Projection optical machine and projection device

Technical Field

The invention relates to the field of projection equipment, in particular to a projection optical machine and a projection device.

Background

The projector is widely applied to different occasions such as teaching, scientific research, meetings, reports and the like as office equipment. The digital light processing projector which occupies a larger market share at present adopts a digital micro-mirror device DMD as an imaging device and has the characteristics of high native contrast, small machine, closed light path and the like. The DMD is a projection technology for projecting an image by adjusting reflected light as a core component of a digital light processing projector. It is very different from a liquid crystal projector, and its imaging is realized by reflecting light by thousands of tiny mirrors. The DMD is apt to generate heat during operation, and if the heat generated by the DMD cannot be dissipated, the DMD will affect the working quality of the projector and the product life.
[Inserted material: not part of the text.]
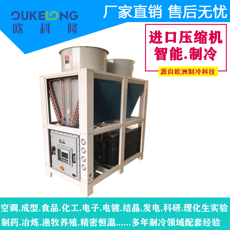 歐科隆20匹低溫防爆冷水機以安全、穩定、高效為核心,適用于各類防爆環境,并提供定制化服務,滿足不同工業需求。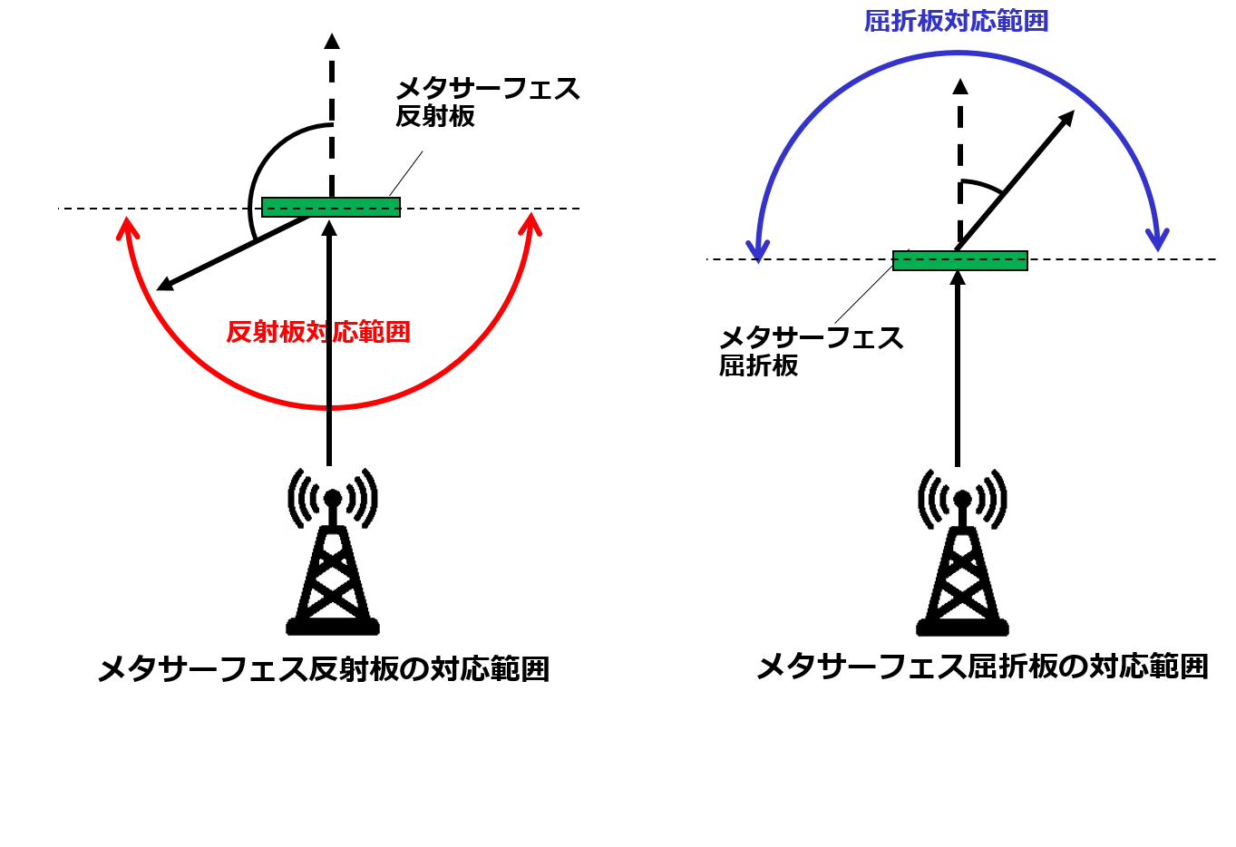 従来型のメタサーフェス反射板は、反射板より手前側に、電波の進行方向に対して大きな角度で曲げる場合には有利ですが、向こう側に小さな角度で曲げる場合には向きません。それに対しメタサーフェス屈折板は、小さな角度で曲げる場合に有利で、障害物を回避するような使い方に向いています。反射板に加えて今回当社が開発したメタサーフェス屈折板を用いることで、電波を曲げる範囲を拡大し、 5Gサービスエリアをさらに拡大することが可能となります。

Therefore, a reasonably designed heat dissipation structure is very important for the projector.

Disclosure of Invention

In view of the above situation, the present invention is directed to a projector and a projection apparatus.

In order to achieve the purpose, the technical scheme adopted by the invention is as follows: the projection optical machine comprises a shell, a DMD (digital mirror device), a heat conducting piece, a pressing piece, a sealing piece, a circuit board, a buffer piece and a radiator, wherein the DMD, the heat conducting piece, the pressing piece, the sealing piece, the circuit board, the buffer piece and the radiator are sequentially stacked, and the DMD is fixed on the shell; the heat conducting piece, the pressing piece and the sealing piece are all provided with skylights, so that a first connecting structure arranged on the circuit board can be spliced with a second connecting structure arranged on the DMD to realize the electrical connection between the circuit board and the DMD; the heat radiator comprises a base body and an extension portion, the extension portion is integrally formed on the edge portion of the base body and protrudes towards the direction of the DMD, the surface of the extension portion, close to the DMD, is in surface contact with the surface of the pressing piece, far away from the DMD, and a heat dissipation channel is formed among the DMD, the heat conducting piece, the pressing piece and the heat radiator.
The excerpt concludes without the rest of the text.